Почему ты мне не позвонил, когда был в Нью-Йорке?
Я был не в состоянии.
Дэвид, тебе еще нет сорока. Не рановато ли ты себя хоронишь?
Кстати, Мне стукнет сорок в следующем месяце. Пятнадцатого, в «Мэдисон-сквер-гарден», намечается большая пьянка. Я надеюсь увидеть там тебя с Барбарой. Странно, что ты еще не получил приглашения.
Мы все переживаем из-за тебя. Не хочу лезть в душу, но, когда человек тебе небезразличен, трудно спокойно наблюдать со стороны за тем, что с ним происходит. Если бы ты дал мне шанс тебе помочь…
Ты уже помог. Ты предложил мне перевод, за что я тебе благодарен.
Это работа. Я говорю о жизни.
А что, есть разница?
Упрямый сукин сын, вот ты кто.
Расскажи мне про Декстера Файнбаума. Как-никак он мой благодетель, а я ничего о нем не знаю.
Ты закрываешь тему?
Как говорил почтальон, вертя в руках невостребованное письмо: мне это надо?
Дэвид, прожить без людей еще никому не удавалось. Это нереально.
Возможно. Хотя человек – экземпляр штучный. Может, я буду первый.
Из предисловия к «Мемуарам покойника» (Париж, 14 апреля 1846; переработано 28 июля):
Так как предвидеть день собственной смерти не в моей власти и поскольку дни, отпущенные человеку моего возраста, нам посылаются как милость или, лучше сказать, страдание, я чувствую себя обязанным коротко объясниться.
Четвертого сентября мне будет семьдесят восемь. Пора покинуть этот мир, а он меня уже давно покинул, так что я из него уйду без сожалений…
Печальная необходимость, которая всегда держала меня за горло, принудила меня продать мои «Мемуары». Кто бы знал, с каким тяжелым сердцем я отдал в заклад собственную могилу, но мои торжественные обещания и твердые правила поведения потребовали от меня этой последней жертвы… Мой план состоял в том, чтобы завещать их мадам Шатобриан. От нее бы зависело, выпустить их в свет или положить под сукно. Сейчас, более чем когда-либо, мне кажется, что последнее было бы предпочтительнее…

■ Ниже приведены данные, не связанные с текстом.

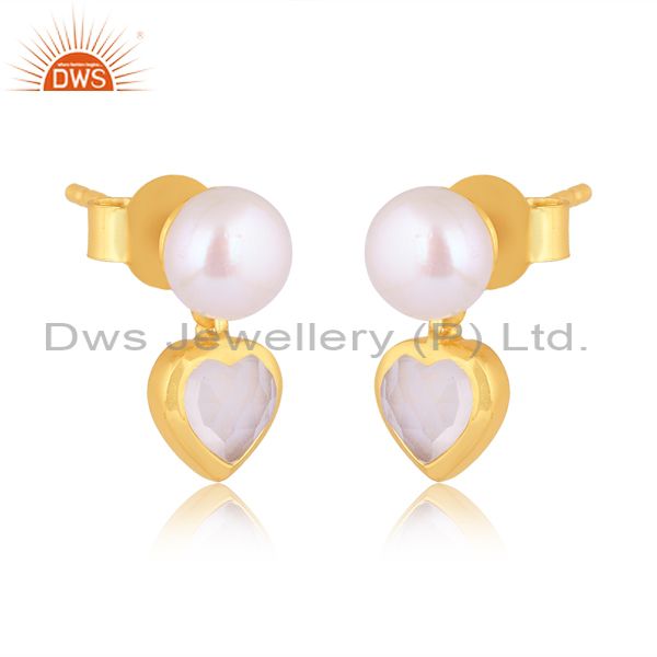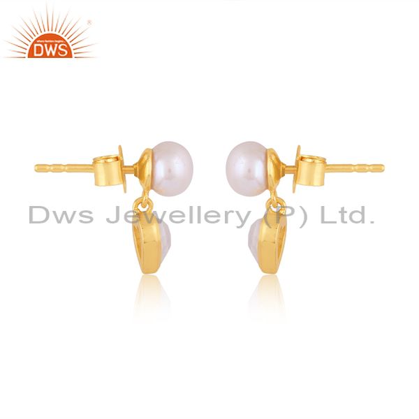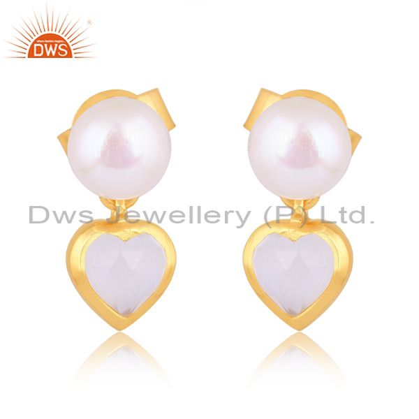 Rainbow Moon Stone And Pearl Set 18K Gold On Silver Earrings
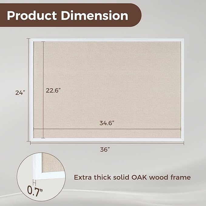 - Size:The bulletin board is 24x36 inch to provide more display space, we also provide thumbtacks, hooks and strings for you to display your favorite items.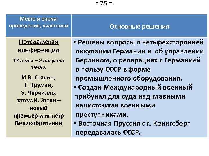 = 75 = Место и время проведения, участники Потсдамская конференция 17 июля – 2 августа 1945 г. И. В. Сталин, Г. Трумэн, У. Черчилль, затем К. Эттли – новый премьер-министр Великобритании Основные решения • Решены вопросы о четырехсторонней оккупации Германии и об управлении Берлином, о репарациях с Германией в пользу СССР в форме промышленного оборудования. • Создан Международный военный трибунал для суда над главными нацистскими военными преступниками. • Восточная Пруссия с г. Кенигсберг передавалась СССР.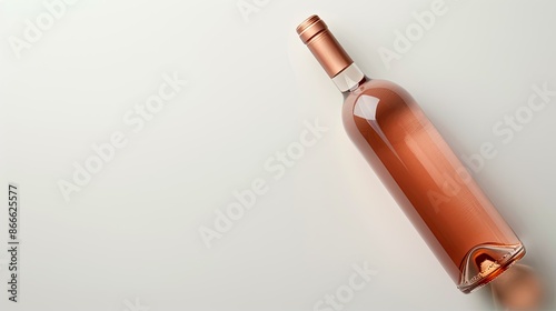 Top view of an expensive wine bottle with elegant packaging, isolated on a white surface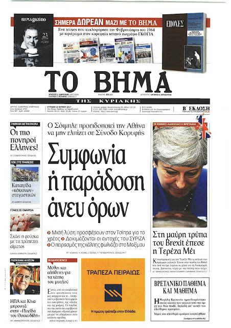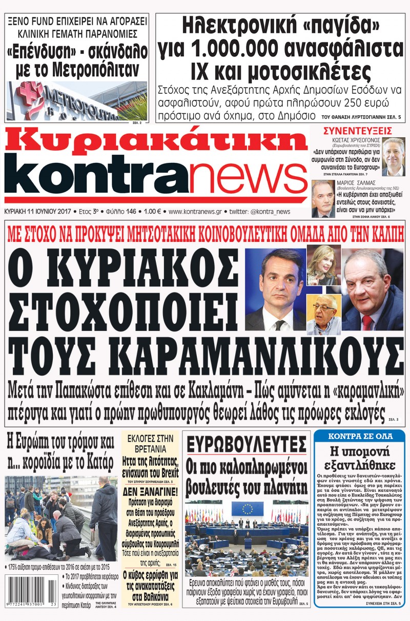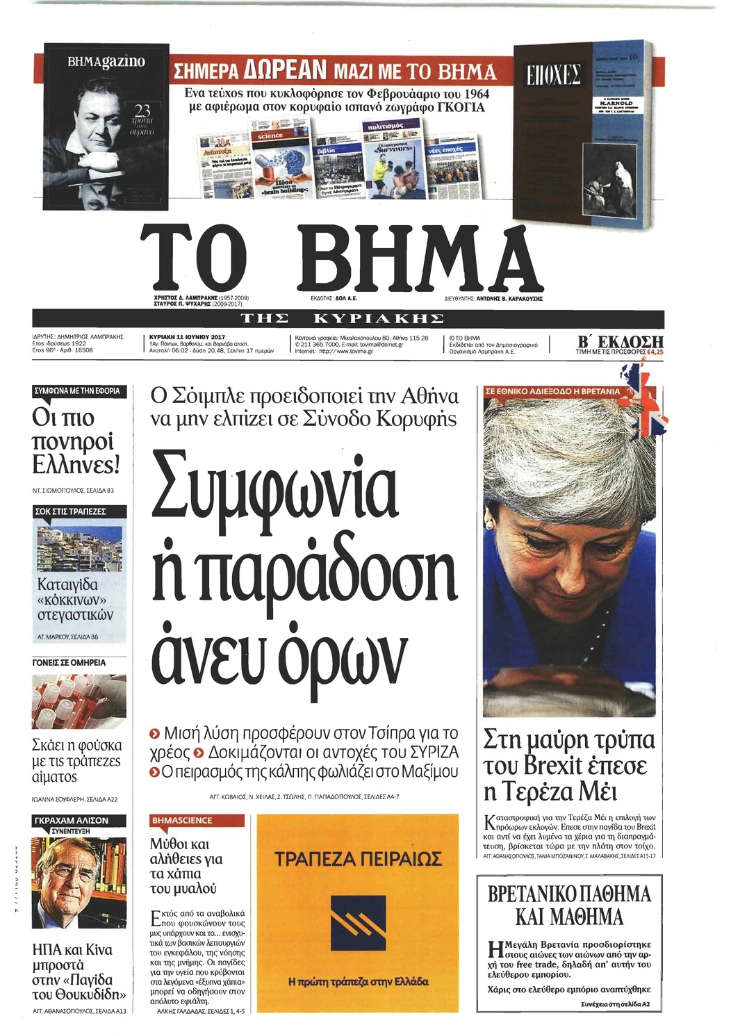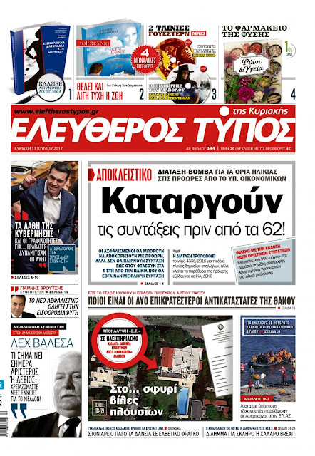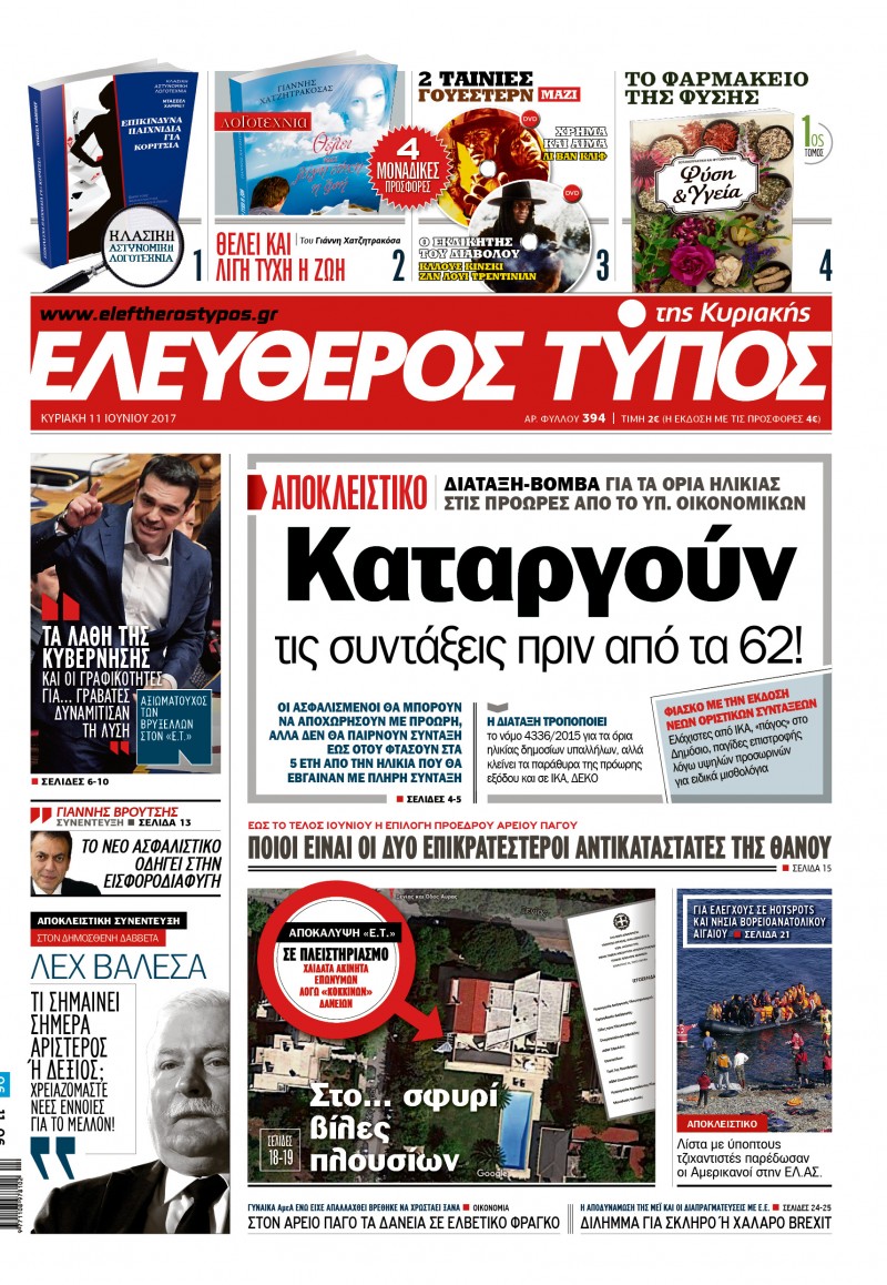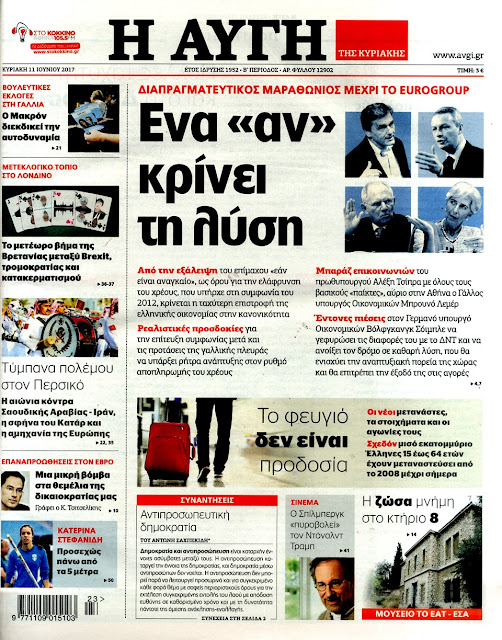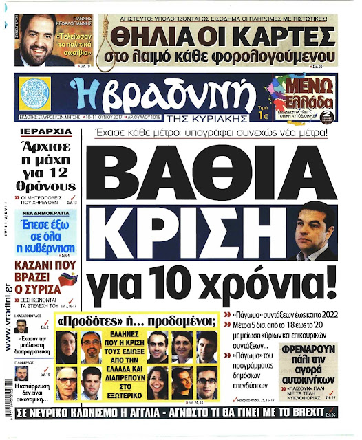 Τα πρωτοσέλιδα της Κυριακής 11-6-2017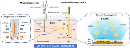 In previous studies, we have demonstrated the utilization of our novel imaging device for observing deep brain regions [14,15]. The core work of this study is to apply our imaging device for pain circuitry and combine it with microdialysis. This allows us to measure two proxies of brain activity: (1) calcium imaging fluorescence, and (2) neurotransmitter release. We focus the study on serotonin (5-hydroxytryptamine or 5-HT), a neurotransmitter that has a well-known correlation with the regulation of pain [16]. The depletion of serotonin can increase pain sensitivity [17]. Additionally, the serotonergic pathway is also currently used as a potential therapeutic target against some chronic pain problems.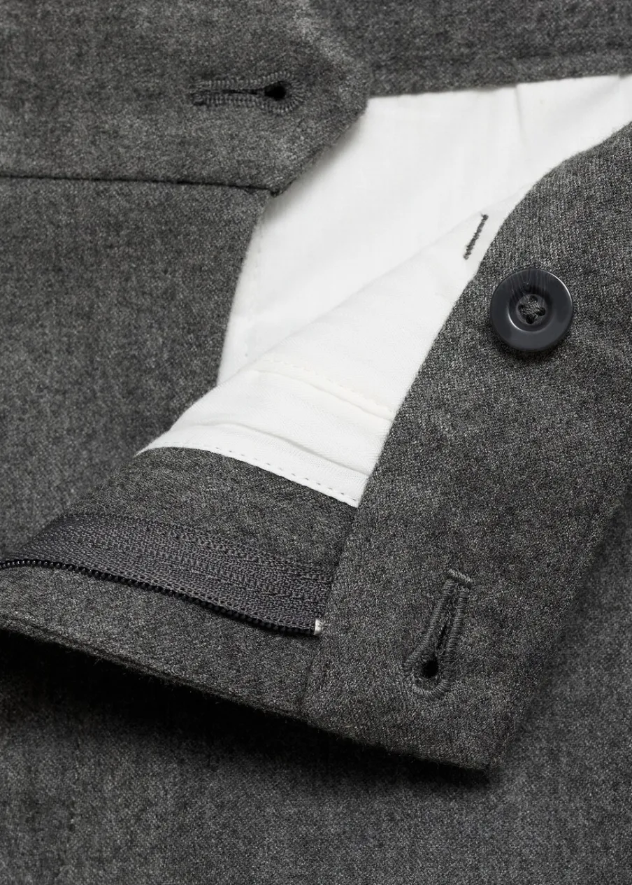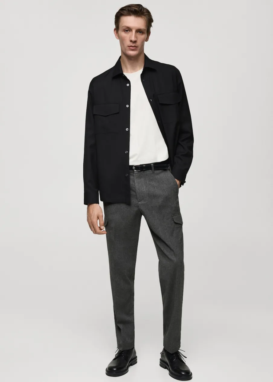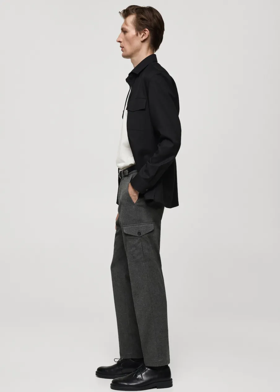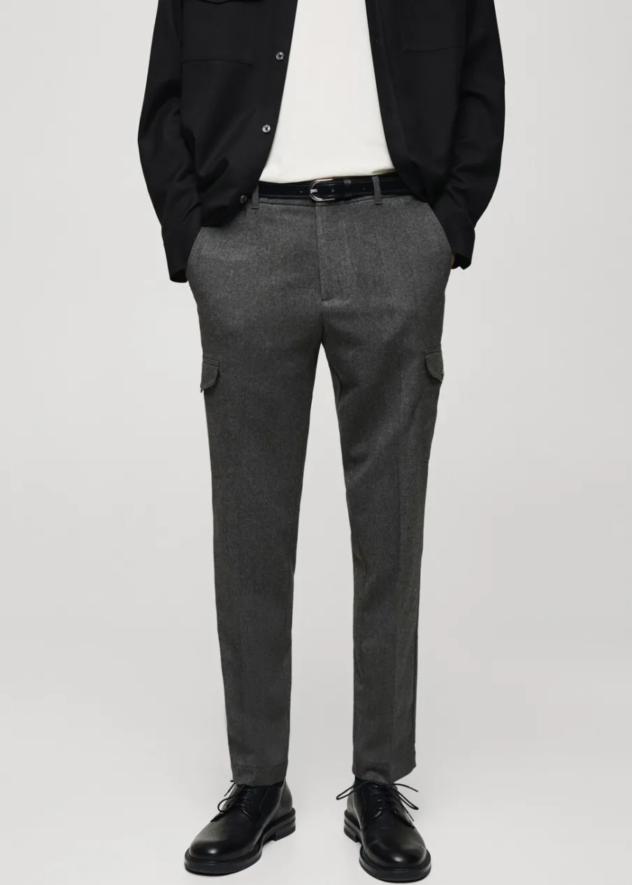 Tkanina poliestrowa z recyklingu. Krój regular. Zapięcie na suwak i guzik. Szlufki na pasek. Dwie kieszenie z przodu. Dwie naszywane kieszenie z patką na nogawce. Dwie wpuszczane kieszenie z guzikiem z tyłu. Model ma 190 cm wzrostu i nosi rozmiar 42.

Представляемые «Мемуары» писались в разное время и в разных странах. В силу этого я был вынужден добавить прологи, описывающие места, где я оказался, и чувства, которые мной владели при возобновлении моего повествования. Так изменчивые обстоятельства моей жизни оказались переплетены. Иногда в минуты благоденствия мне случалось говорить о днях лишений, а во времена невзгод вспоминать пору своего счастья. Молодость, стоящая на пороге зрелости; обременительная старость, бросающая печальную тень на весну моей невинности; солнце, чьи лучи, от момента его восхода до момента его заката, постоянно пересекались и смешивались, – все это придало моему рассказу некоторую хаотичность или, если хотите, своего рода мистическое единство. Моя колыбель заглядывает в мой гроб, мой гроб в колыбель; мои страдания переходят в удовольствия, а удовольствия в страдания; и, перечитав эти «Мемуары», я и сам не знаю, чему они обязаны – молодому уму или седой мудрости.